Some calculations show that DC electric motors rotate thousands of times faster than the electrons move in the drive current. For example, the Mabuchi RE 280RA motor has a current running electrons at a speed of 5*10^-6 meters per second and its rotor is moving at 8 meters per second. Plus or minus a big number.

The mechanical motor runs a million times faster than the speed at which an electron is flowing in its coil.

A second motor was examined: Maxon Motor: 8 meter per second rotor speed and electron speed estimated at 2.7*10^-5 meters per second. Plus or minus a big amount.

This implies that maybe the permeability of free space  (mu zero) is involved to set that ratio of speeds:

1/(mu) = 796,000 meters per Henry

Then a rotor velocity limit can be expected to be 796,000 times faster than the electron in the coil, during conditions where there is no mechanical load on the motor. That is the maximum speed for a motor but going faster makes it into a generator.

H = B/mu

H is magnetic field (units: Amps per meter, or meters per second in Continuum Science)
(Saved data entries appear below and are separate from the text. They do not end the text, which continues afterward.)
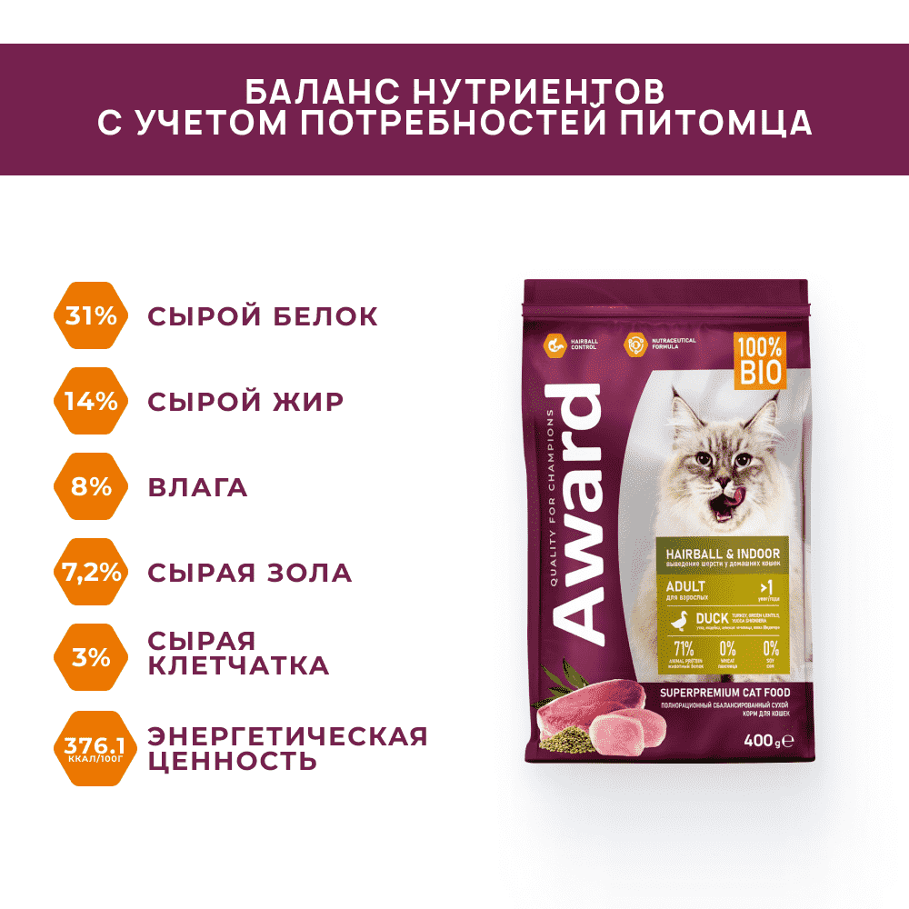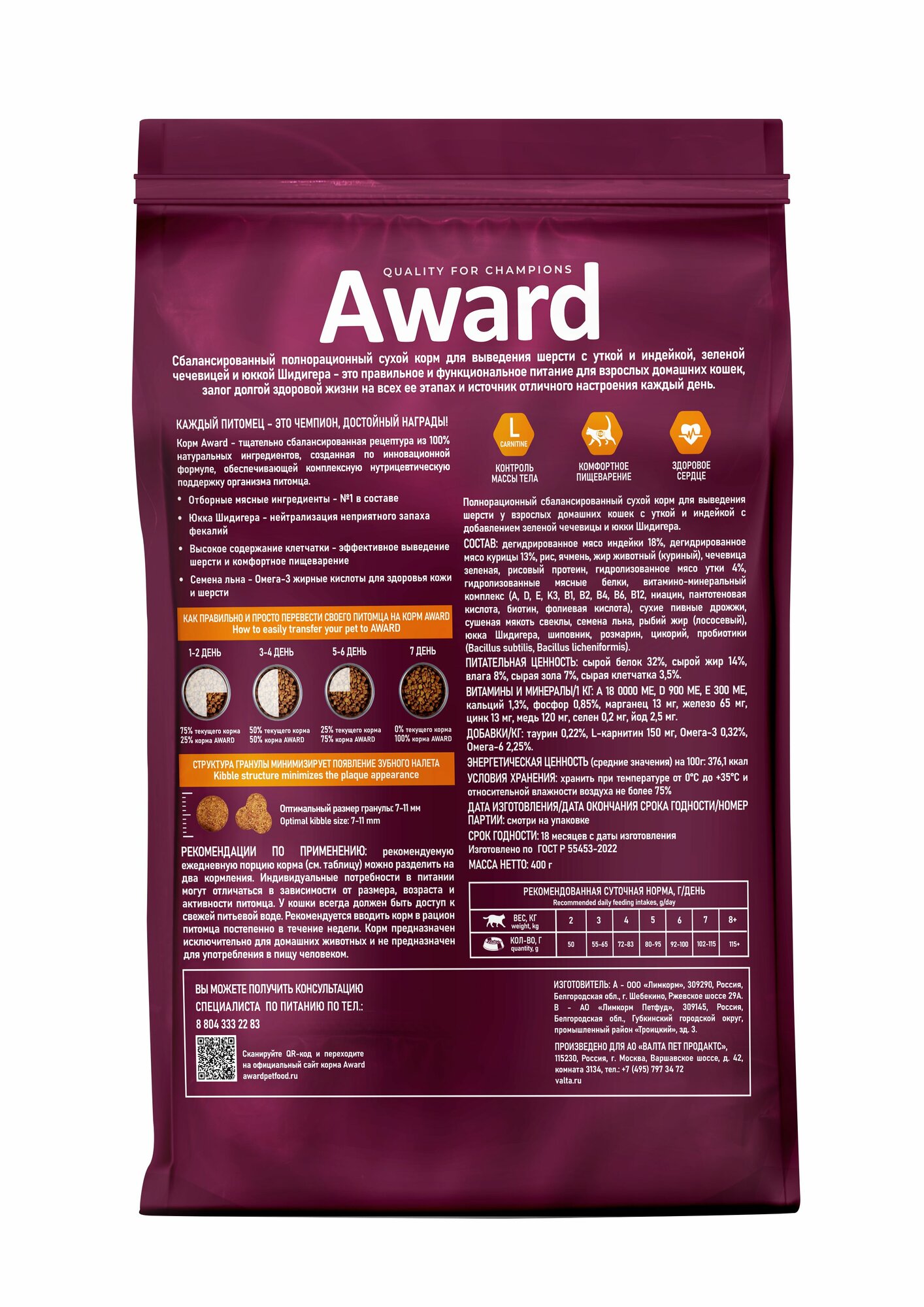 AWARD сухой корм для взрослых кошек для выведения шерсти (утка, индейка, чечевица, юкка) 400г
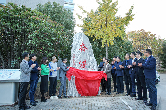 据悉,此校庆石系全体杭州校友出资购买,安放于凤阳校区西校区新知楼A楼东侧草坪处,为学校增添了一处新的景观。该石高3.75米,宽1.90 米,厚0.66米,石头上镌刻有“奋进”主题词,另篆刻:热烈祝贺爱游戏官方网站_爱游戏(中国)股份有限公司,建校七十周年!
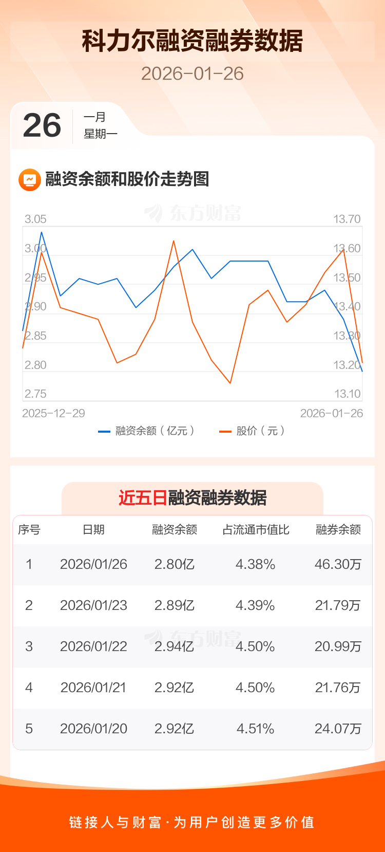 交易所最新数据显示,科力尔于2026年1月26日获融资买入2065.67万元,融资偿还2914.95万元,当日融资净偿还849.28万元。目前,该股融资余额2.80亿,占流通市值比例为4.38%。
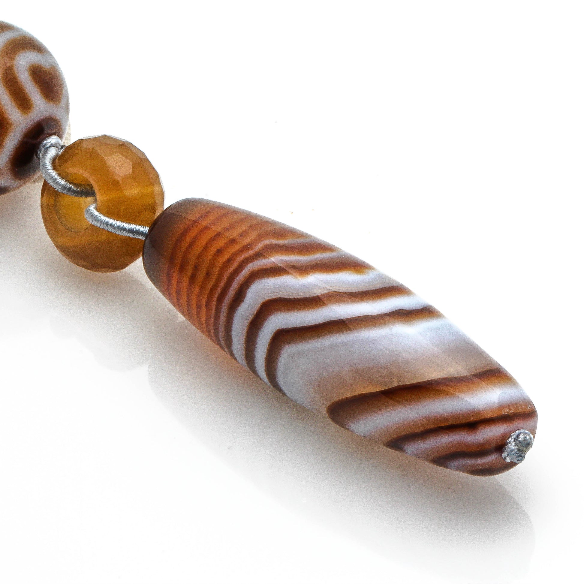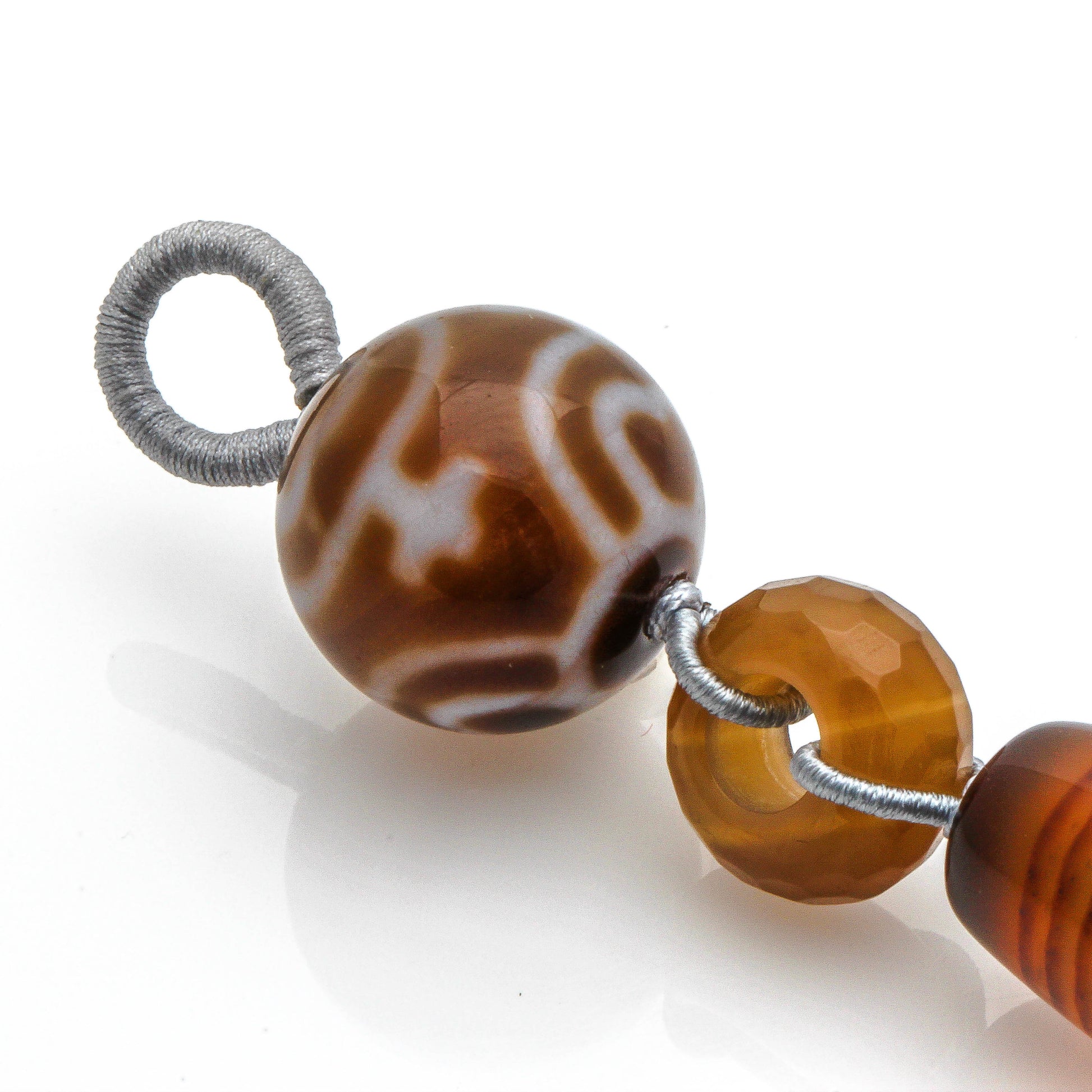 We use: 20mm Treasure Vase Dzi,14mm Faceted Agate Donut Bead and 15x45mm Medicine Agate Dzi
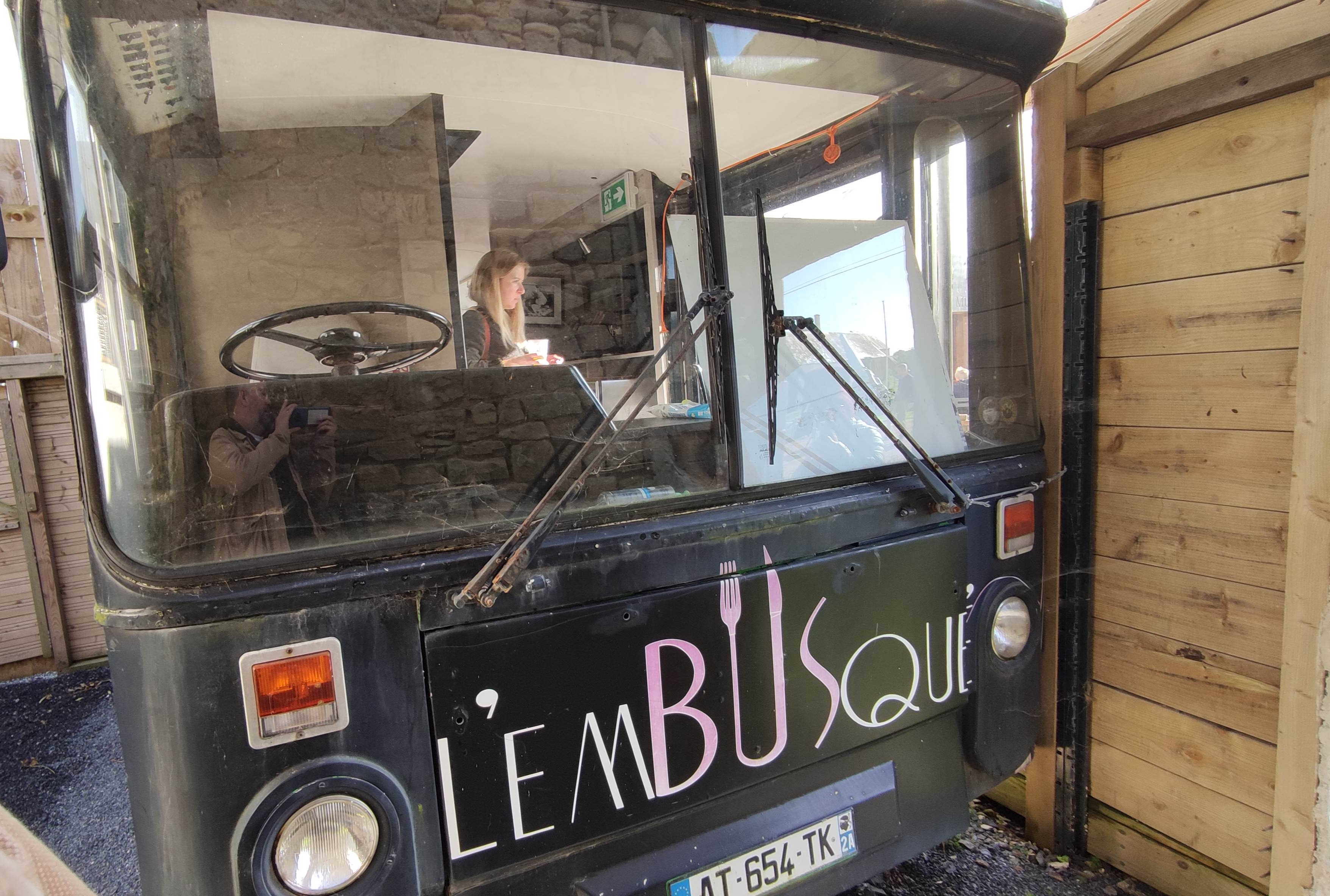Lieu Atypique, bus aménagé où l'on peut s'asseoir pour se restaurer, mais vu le temps nous avons déjeuné à l'extérieur. La carte est réduite, mais les mets sont frais et certaines boissons sont locales. J'ai pris une salade au poulet très bonne, (12€). Je regrette juste de ne pas avoir pris de frites avec, car j'avais encore faim en sortant de table et pas de pain en accompagnement. Mon fils et mon époux ont choisi qd à eux un burger normand (steack/andouille/camembert..) Et un classique (steack/bacon..) les deux accompagnés d'une poignée de frites et salade au tarif de 15€. En boisson, jus de pomme et bière locale. Une étoile en moins pour le peu de frites servie.
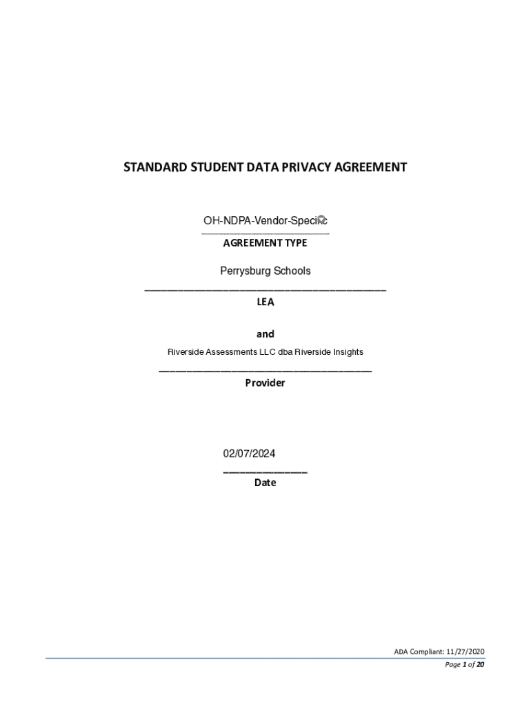 Date ADA Compliant 11/27/2020-Page 1 of 20ThisStudentDataPrivacyAgreement(DPA)isenteredintoonthedateoffullexecution(effective
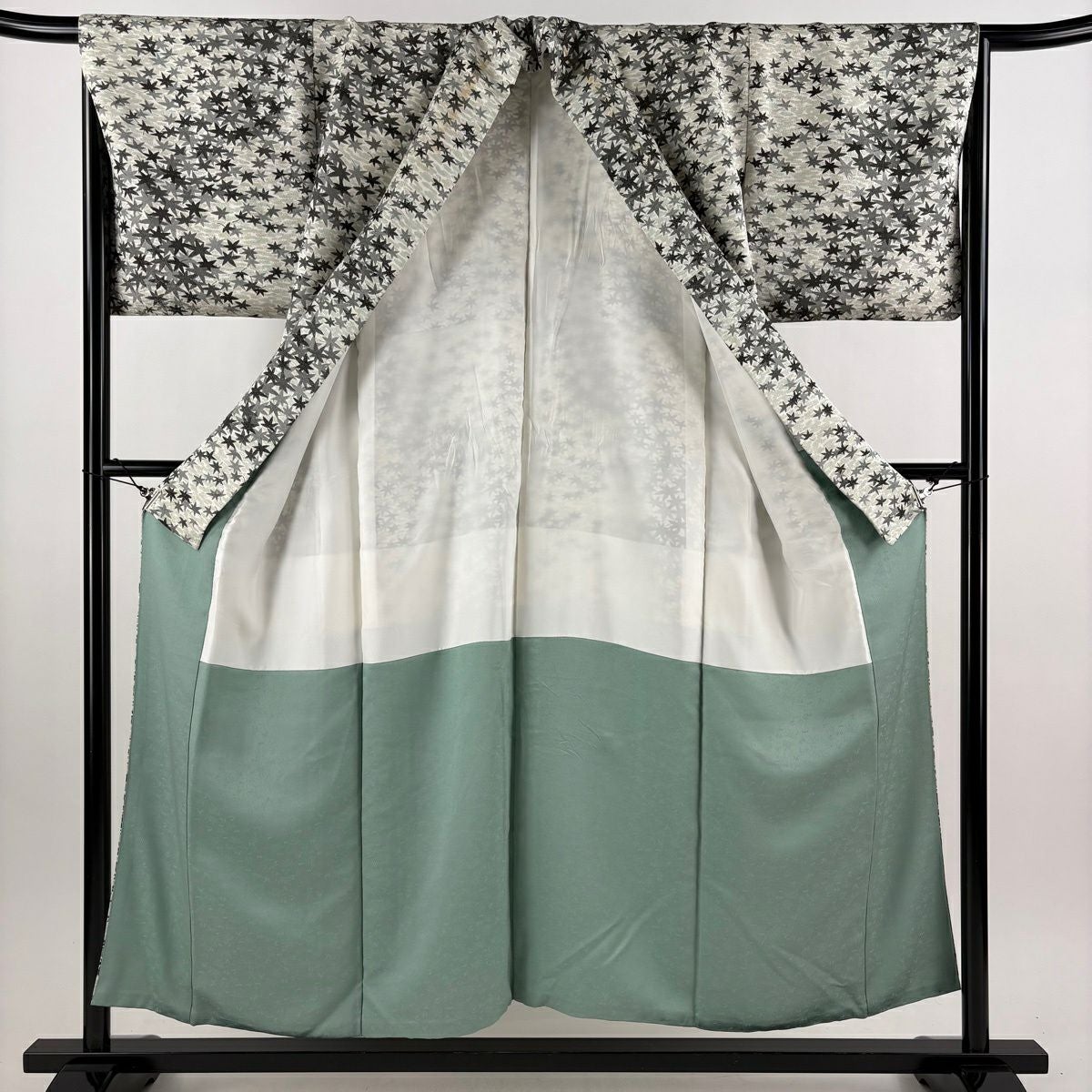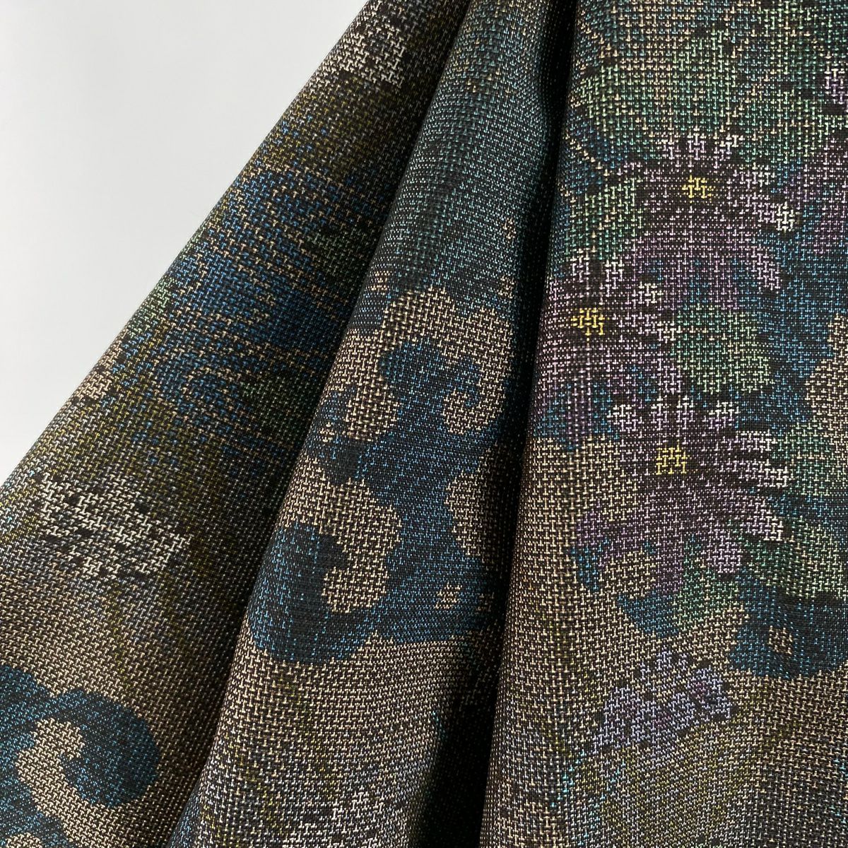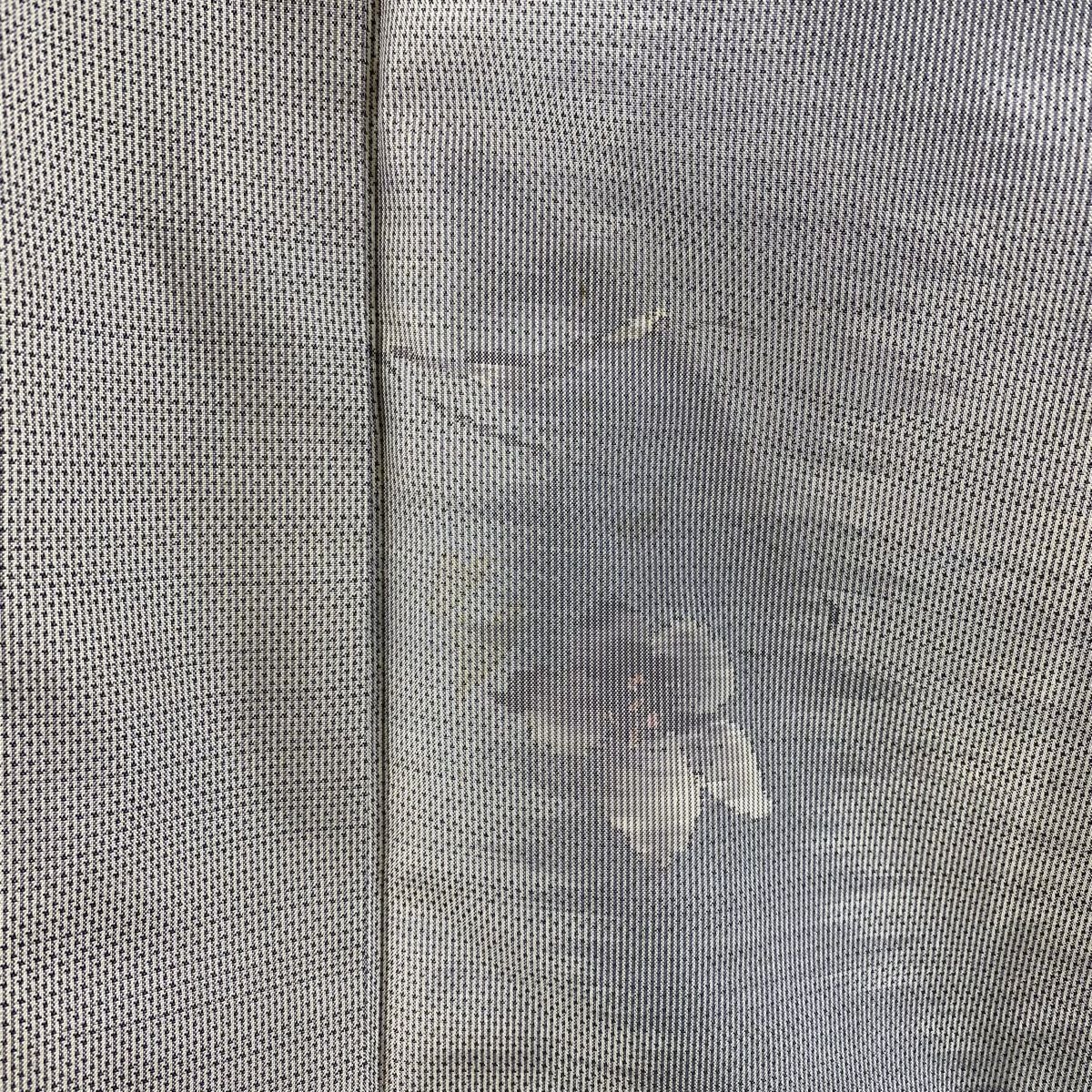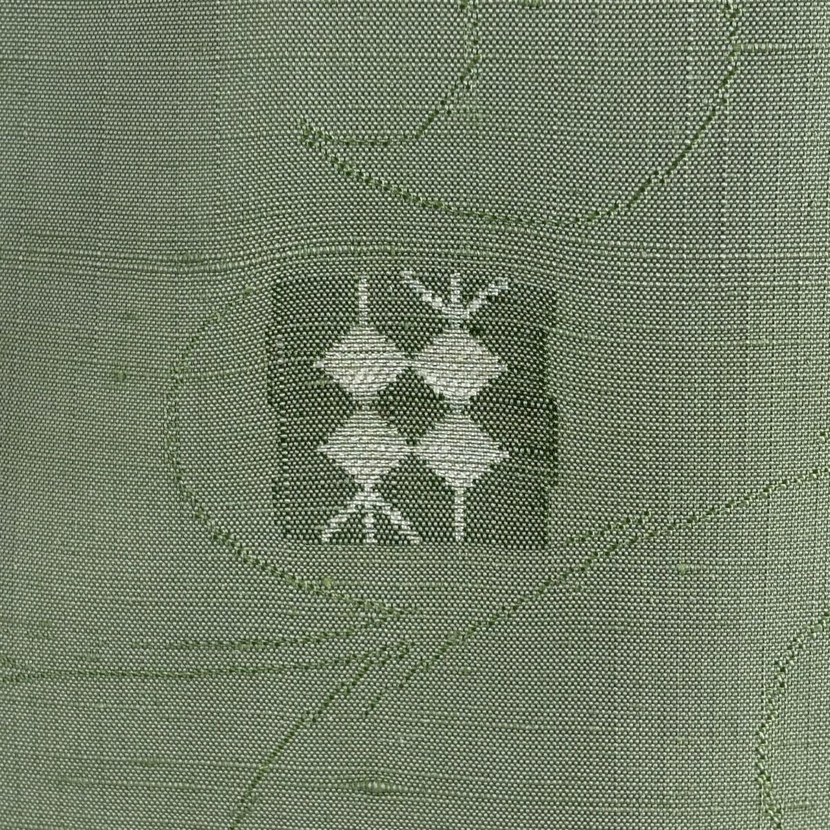 小紋 身丈150.5cm 裄丈66cm M 袷 久保田一竹工房 落款あり 楓 霞 銀通し 灰緑 正絹 逸品

B is magnetic flux density (units: second^-1 or Weber per square meter, using Coulomb=area theory)

Henry is Webers per Ampere (units = 1)

1/mu = 796,000 meters

\$\$\$\$\$\$\$\$\$\$\$\$\$\$\$\$\$\$\$\$\$\$\$\$\$\$\$\$\$\$\$\$\$\$

Conclusion:  It seems that the number of turns in a motor coil does not set the maximum RPM speed. The number of turns can increase the torque but not the no-load speed. The no-load speed of the motor is set by the speed of the electrons in the coil. The flux density (B) does not change the speed limit of a rotor, all flux has the same velocity amplification (H) relative to electron motion. That mechanical amplification has a factor of 1/mu.

Please check your motors for the ratio of rotor speed over electron speed, no load. Is it 796,000?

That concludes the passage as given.